Rhodes noted, however, that this resolution – versus countless ones before which the US vetoed – is more “balanced” in that it also condemns incitement, violence and terrorism against Israel, and does not impose final status, which the US would have vetoed.
As for the propaganda that Obama is anti-Israel or even anti-Semitic, these are the facts:
“President Obama has done more for Israel and its security than any previous U.S. President. We just recently signed with Israel the single largest U.S. military assistance package in history — $38 billion over the coming decade. That comes after an administration in which we provided lifesaving assistance for the Iron Dome Missile Defense System. We’ve achieved what Prime Minister Netanyahu himself has described as unprecedented security cooperation between our military and intelligence officials. We have repeatedly stood up for Israel in international fora in a variety of different ways, whether it was opposing efforts to address final status issues through the United Nations, or supporting greater Israeli integration into international fora.
“So I believe that despite what has at times been very strident Israeli government criticism of U.S. policies that President Obama has always made Israel and its security sacrosanct in his approach to these issues. In fact, we’ve always said that our pursuit of a two-state solution is guided in part by our belief that that is the only way to preserve and strengthen Israel’s security in the long run, and to achieve the goal that we share with the Israeli people of having a state of Israel that is both Jewish and democratic in nature.
“All of that said, with this criticism it seems like the Israeli government wants the conversation to be about anything other than the settlement activity. And the fact of the matter is, as you heard Samantha say, since 2009, the number of Israeli settlers in the West Bank has increased by more than 100,000 to nearly 400,000…
“So this is not simply a matter of construction within the so-called blocks, within what has long been considered the likely borders of a future — within a future peace agreement. We have acknowledged publicly that there will have to be an acknowledgement of the growth since the 1967 lines were established as a part of any future peace agreement. But in fact, what we’ve seen is much more accelerated settlement construction. And now the total settler population in the West Bank and East Jerusalem exceeds 590,000.
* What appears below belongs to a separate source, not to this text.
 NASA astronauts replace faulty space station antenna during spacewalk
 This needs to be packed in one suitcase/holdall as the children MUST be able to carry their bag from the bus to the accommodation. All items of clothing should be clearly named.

“Prime Minister Netanyahu recently described his own government as ‘more committed to settlements than any in Israel’s history.’ Those are his words. And we’re concerned about these trends. We were concerned after our election, when one of his leading coalition partners, Naftali Bennett, declared that ‘the era of the two-state solution is over.’
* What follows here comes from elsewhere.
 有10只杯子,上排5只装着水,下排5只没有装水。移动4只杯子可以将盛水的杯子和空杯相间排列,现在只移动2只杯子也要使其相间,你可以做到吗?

“So, for us, the question here has always been about what is the best way to pursue the security that the Israeli people deserve. And we cannot simply have a two-state solution be a slogan while the trend lines on the ground are such that a two-state solution is becoming less and less viable.
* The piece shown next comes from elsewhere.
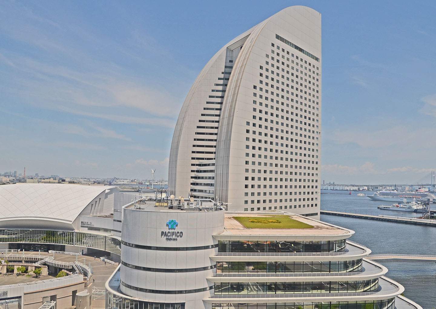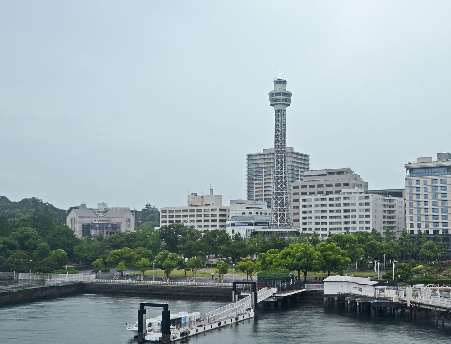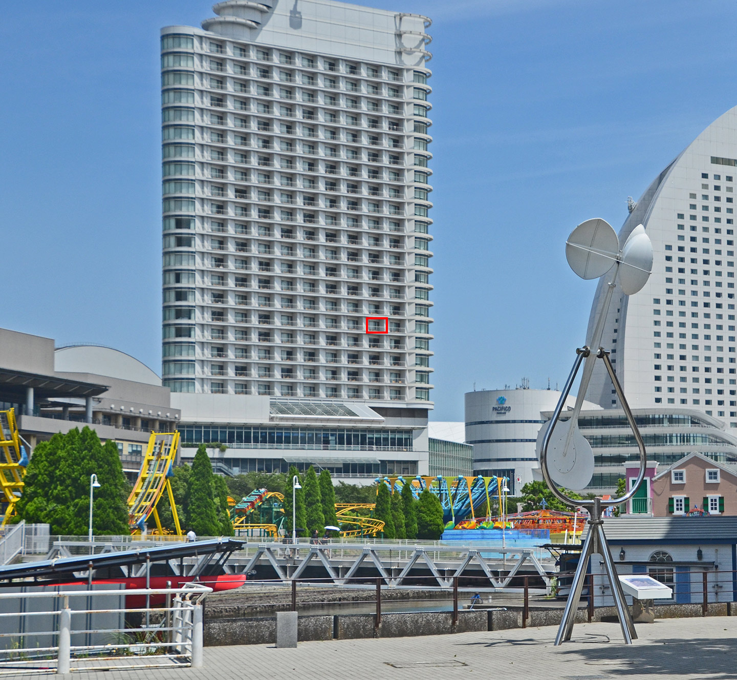 White Flower Statue and Yokohama Bay Hotel Tokyu (Highlighted is my hotel room)

“I would add that we’ve repeatedly condemned incitement to violence by Palestinians. We’ve repeatedly condemned Palestinian terrorism. We have stood up for Israel’s right to defend itself against rocket fire from Gaza, even when we were one of the only countries in the world that was taking that position. So we’ve been willing time and again to support Israel in international fora, just as we’ve supported Israel’s right to defend itself, by itself, and just as we’ve ensured through our assistance that Israel will maintain its qualitative military edge for the enduring future.
“So, again, President Obama’s track record on Israel’s security is clear. Anybody can review it. But, in fact, I’d take umbrage at language that suggests that this was our preferred course of action and that we initiated it. The fact of the matter is, we’d been warning — President Obama and Secretary Kerry publicly and privately for years — that the trend line of settlement construction and settlement activity was just increasing Israel’s international isolation. This is not a new position for us; we’ve been saying that for many, many, many years. Secretary Kerry, as Frank can attest to, has had hundreds of conversations with Prime Minister Netanyahu. We’ve made precisely this point.”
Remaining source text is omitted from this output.